(Records shown)
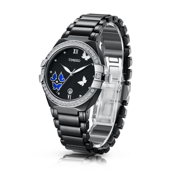 复古甜美蝴蝶水钻陶瓷女士腕表
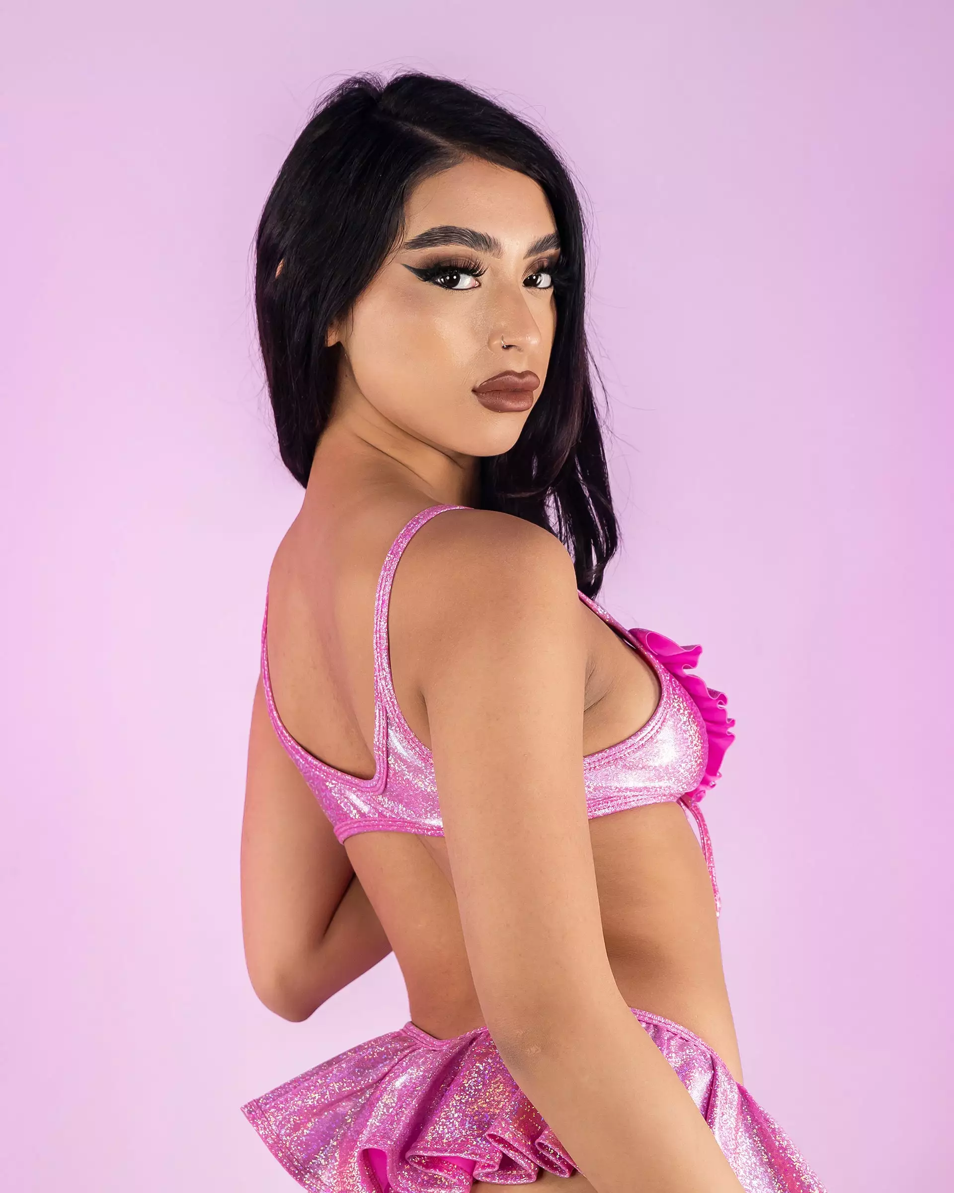 - Bubblegum Pink Metallic Ruffle Wrap Top
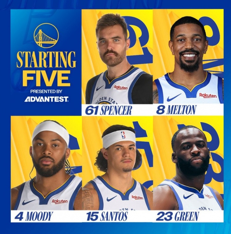 勇士首发:斯潘塞、梅尔顿、穆迪、桑托斯、追梦。
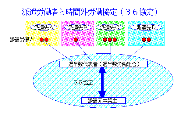 私の派遣元会社には労働組合があり、会社と組合で36協定(残業協定・時間外労働協定)を結んでいます。しかし、その協定の範囲を超えた場合は個々の労働者から個別に36協定の申請をさせています。「なぜ36協定を個々で終結するのか」といった問いに対し、「36協定には取り決めるべき事柄について何も規定していないから、組合と「個々で終結出来る」といった取り決めをしているのでそれで良い。」といった回答でした。
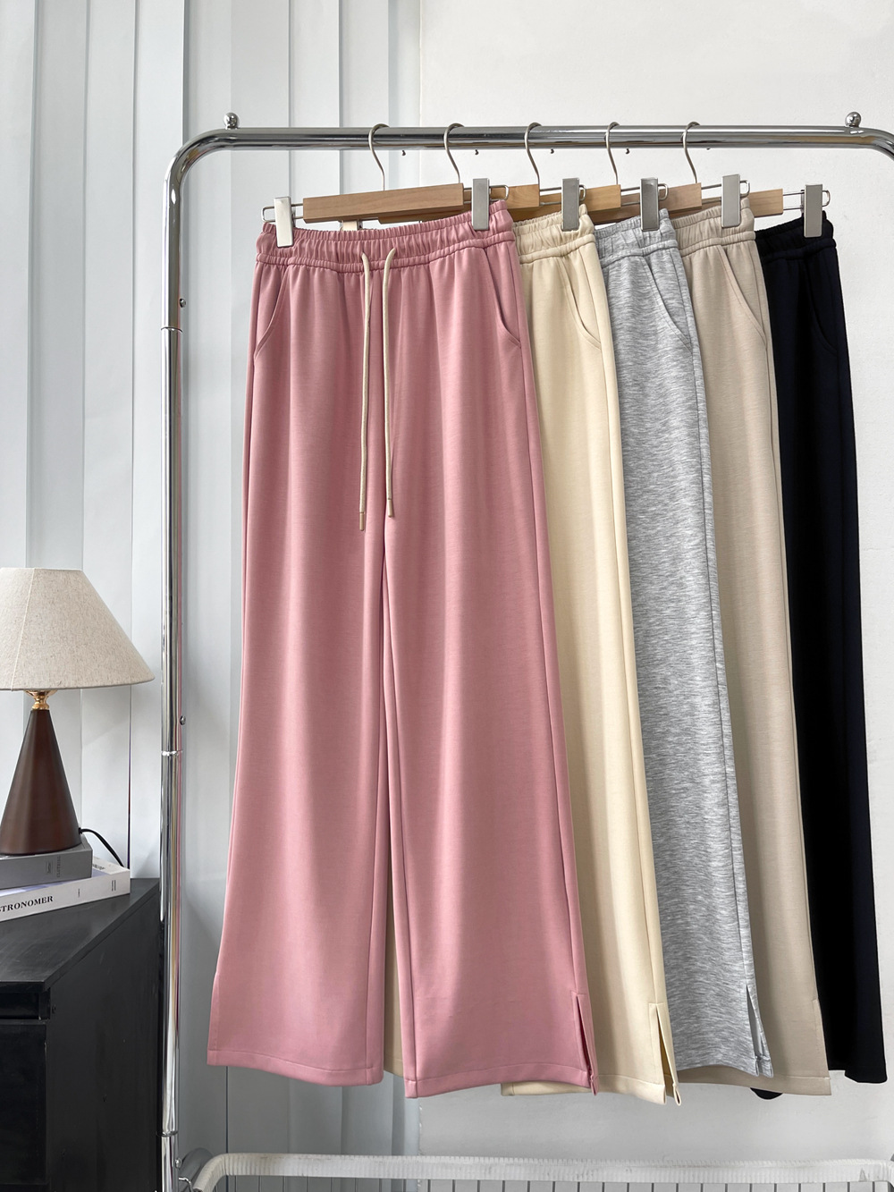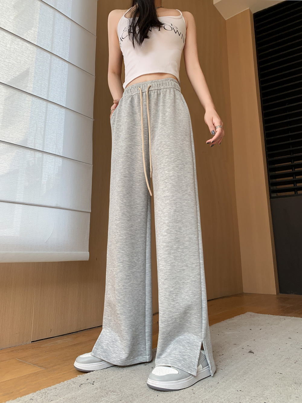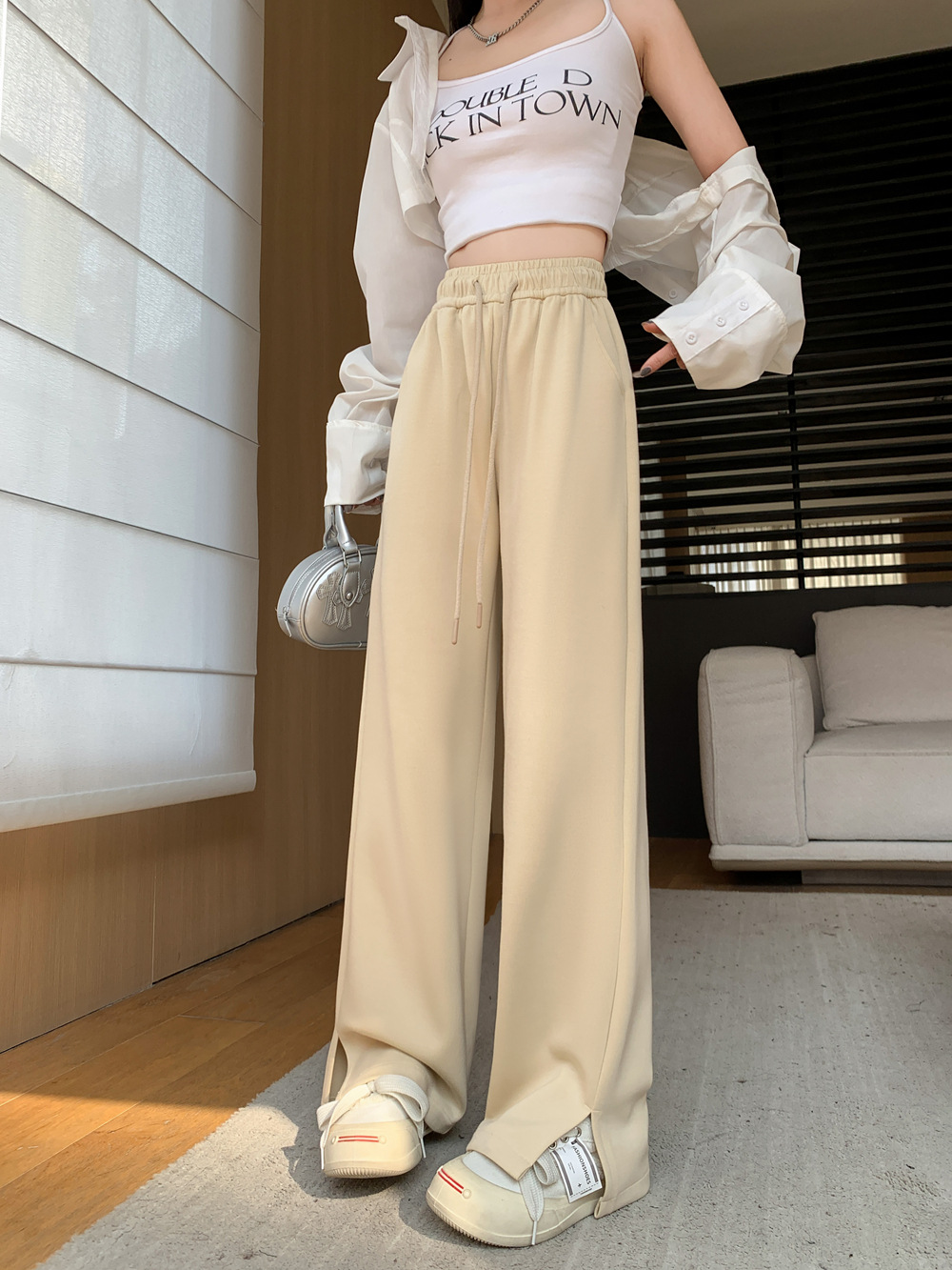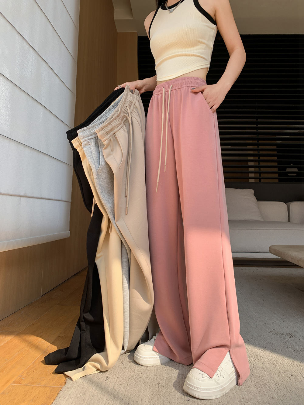 春夏新款垂感侧开叉休闲裤长裤 宽松显瘦空气棉窄版阔腿裤女
(End Records shown)
▸ **Problem to work on**
Emit the lines of the data above from the one containing "私の派遣元会社には労働組合が" through its final line, both endpoints included. Pictures do not belong in the output.

▸ **Exercise result**
 私の派遣元会社には労働組合があり、会社と組合で36協定(残業協定・時間外労働協定)を結んでいます。しかし、その協定の範囲を超えた場合は個々の労働者から個別に36協定の申請をさせています。「なぜ36協定を個々で終結するのか」といった問いに対し、「36協定には取り決めるべき事柄について何も規定していないから、組合と「個々で終結出来る」といった取り決めをしているのでそれで良い。」といった回答でした。
 春夏新款垂感侧开叉休闲裤长裤 宽松显瘦空气棉窄版阔腿裤女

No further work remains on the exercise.